What Is CJC-1295 and Why Is It Used Off-Label?

CJC-1295 is a synthetic 30-amino-acid peptide analog of endogenous GHRH, modified at four positions (Ala2, Asn8, Ala15, Leu27) to resist dipeptidyl peptidase IV (DPP-IV) cleavage [1]. Two forms circulate in clinical and compounding contexts: the Drug Affinity Complex (DAC) version, which covalently binds albumin to extend its half-life to roughly 5.8 to 8 days, and the non-DAC version (often called modified GRF 1-29 or mod-GRF), with a half-life near 30 minutes [2].

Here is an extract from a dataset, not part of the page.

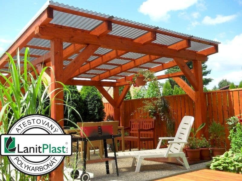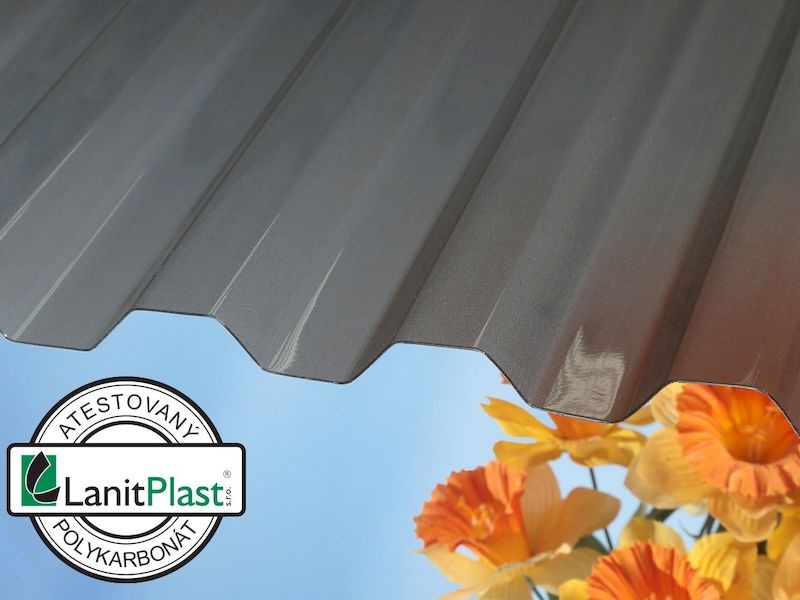 Trapézové desky z polykarbonátu o síle 0,8 mm s extrémně jemnou, matově sametovou povrchovou strukturou (krupičkou) na vnitřní straně desky. Povrchová struktura láme světlo, takže desky nejsou úplně průhledné, ale výrazně průsvitné a vzniká pod nimi příjemný chládek při zachování světelné propustnosti.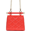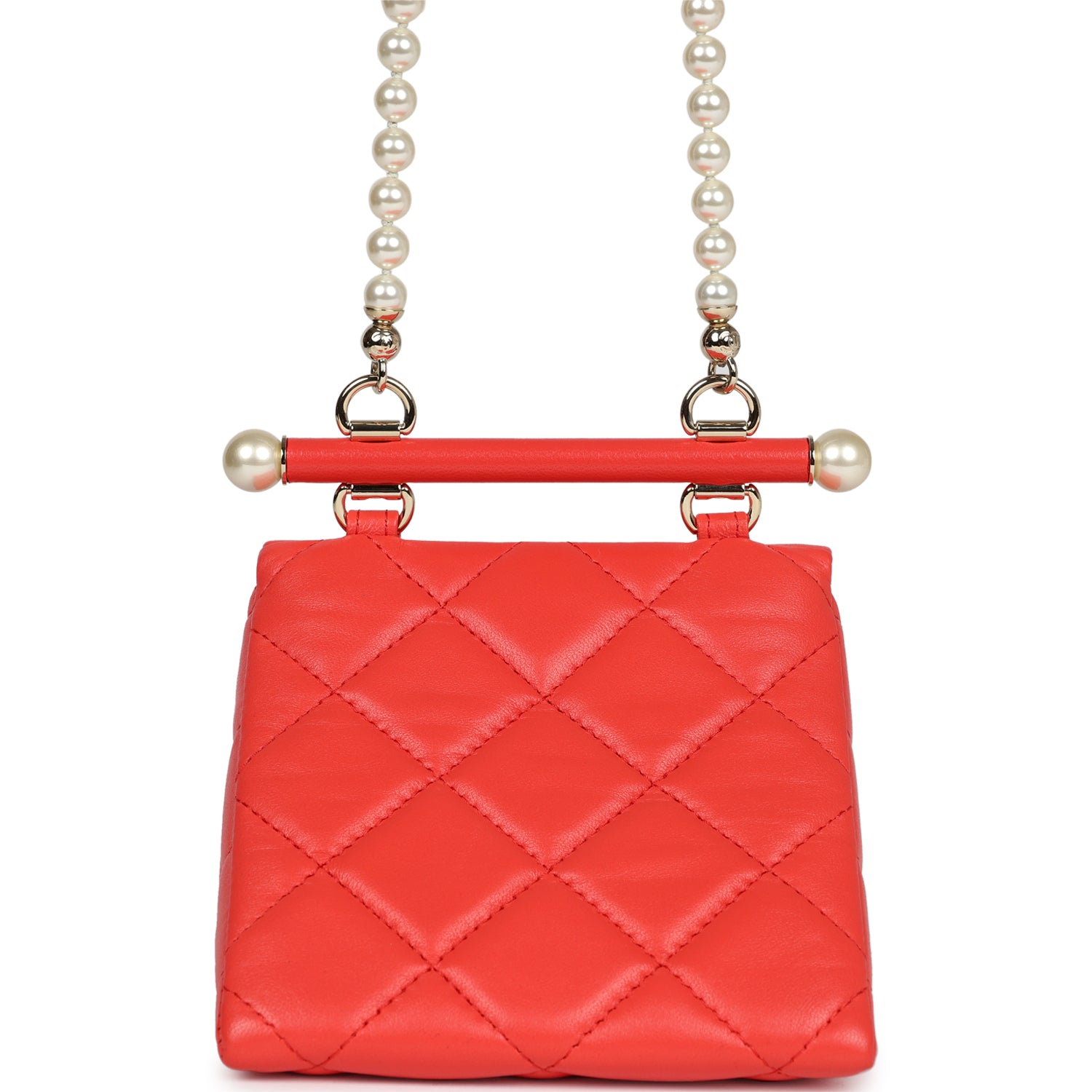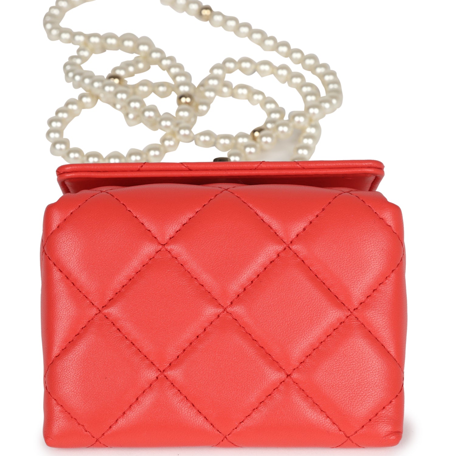 This Chanel Mini Clutch with pearl chain is in red lambskin leather with light gold hardware and faux pearls, featuring a geometric shaped mini clutch, signature quilt, a front CC turnlock closure, and a faux pearl and light gold tone shoulder strap attached to a bar.

Neither form has received FDA approval. The FDA's approved GHRH analogs are limited to tesamorelin (Egrifta), indicated only for HIV-associated lipodystrophy [3]. CJC-1295 occupies a regulatory gray zone: it is available through 503A and 503B compounding pharmacies, and the FDA has issued warning letters to firms marketing it for anti-aging or performance claims [4]. Recovery-focused use (post-exercise soreness reduction, tendon or ligament healing acceleration, post-surgical tissue repair) is entirely off-label. Clinicians who prescribe it draw on the well-characterized anabolic and reparative effects of the GH-IGF-1 axis rather than on direct evidence for CJC-1295 itself [5].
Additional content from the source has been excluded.